Coming from the same factory, they are essentially the identical cell.


----------



## WildChild (Feb 26, 2008)

Another thing to be noted, Duracell often bundle their cheap chargers with cheaper batteries than what they sell in packs. Their basic charger was, up to recently, bundled with 1800 mAh cells. Is it possible that they sell them with MiC cells and the packaged batteries will stay MiJ? I'm waiting for a coupon from Duracell to replace a Duracell Pre-Charged cell that leaked with the Energizer 15 minutes charger (I decided to sell it, it's too hard on batteries). I'll go to Wal-Mart as soon as I receive the coupon and I'll tell the current state here.


----------



## Burgess (Feb 26, 2008)

Getting tougher and tougher for us to find

Sanyo Eneloops (however they're labeled), isn't it !

:sigh:



Hey Sanyo, you've got a *good thing going* !


Don't let it slip outta' yer' hands ! 




Oh, and Happy Birthday to Marduke. 


_


----------



## Glasstream15 (Feb 26, 2008)

Costco in Jacksonville had a large stock of Eneloops last Saturday.

They had a kit with 8AA, 4AAA, charger and 2D, 2C adaptors (I wonder about the usefullness of those) and a charger for $26. They also had a pack with 6AA and 2AAA for $16.

I already had 1 of each kit so I got one more of the big one with charger. That gives me 20 AA and 10 AAA and 2 chargers along with 6AA Hybrids and 6 AAA Hybrids.

The AAA Hybrids seem to have a shorter runtime than the Eneloops in my Cobra Micro-Talk radios, but I really have not had time to be sure. 

I was really surprised to find cases of Eneloops at Costco, but they were in cases on the upper shelves as well as displayed. So, check your local Costco if you are looking for the pretty white batteries.


----------



## lumenal (Feb 26, 2008)

Marduke said:


> Coming from the same factory, they are essentially the identical cell.


 
Based on this quote, can we assume that the slurry used in each cell of a particular brand is also identical?


----------



## Marduke (Feb 26, 2008)

lumenal said:


> Based on this quote, can we assume that the slurry used in each cell of a particular brand is also identical?



There are only 3 "brands". The others just have different plastic wrappers on one of those 3 different cells.


----------



## lumenal (Feb 27, 2008)

Marduke said:


> There are only 3 "brands". The others just have different plastic wrappers on one of those 3 different cells.


 
I apologize for not being clear.

I would think there would be far more than 3 "brands" of LSD NiMH cells (i.e. Rayovac Hybrid, Sanyo Eneloop, Uniross Hybrio, Duracell Pre-charged, and Kodak Pre-charged to name five).
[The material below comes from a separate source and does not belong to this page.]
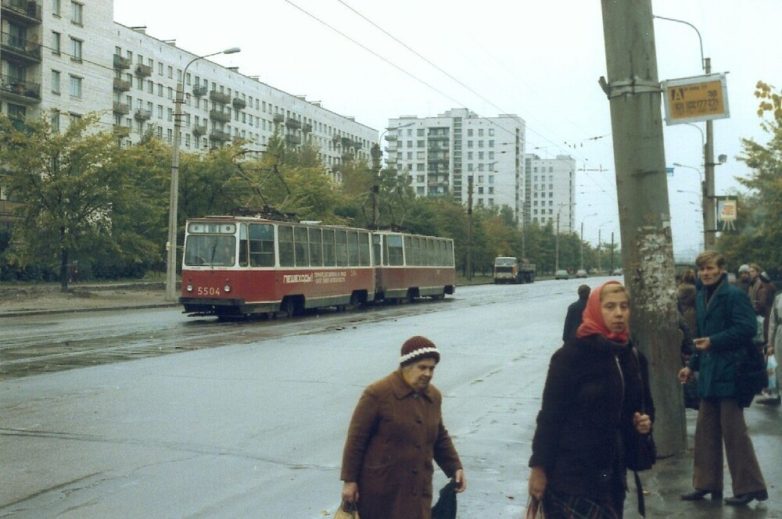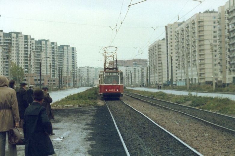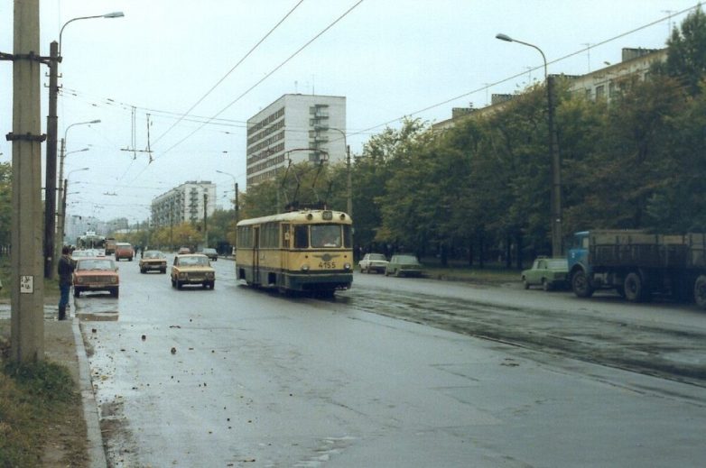20. Перенесёмся на северные окраины (тогда именно окраины) города. Трамвай ЛМ-57 32 маршрута следует по проспекту Науки.

Just because several "brands" of LSD NiMH cells are manufactured at the same manufacturing plant, and look the same on the outside in physical appearance - are the internal components ( the ratios and values of the chemical composition inside the cell) the same, or rather, identical?

Or does the internal chemical recipe differ from "brand" to "brand"?


----------



## Bones (Feb 27, 2008)

Bones said:


> ...
> 
> If I may now wonder of topic for a moment, I was curious to see when the re-badged Eneloops included with the Duracell charger were made, but their coding doesn't follow the Eneloop convention.
> 
> Therefore, it would be appreciated if someone could interpret the code 7K-07-HT.



It appears that these cells were manufactured on 2007 November 07 (7=Year, K=Month, 07=Day, HT=?).

Quite recent compared to what we're seeing on the self-badged Eneloop cells.

Support for this interpretation of the date code is posted here.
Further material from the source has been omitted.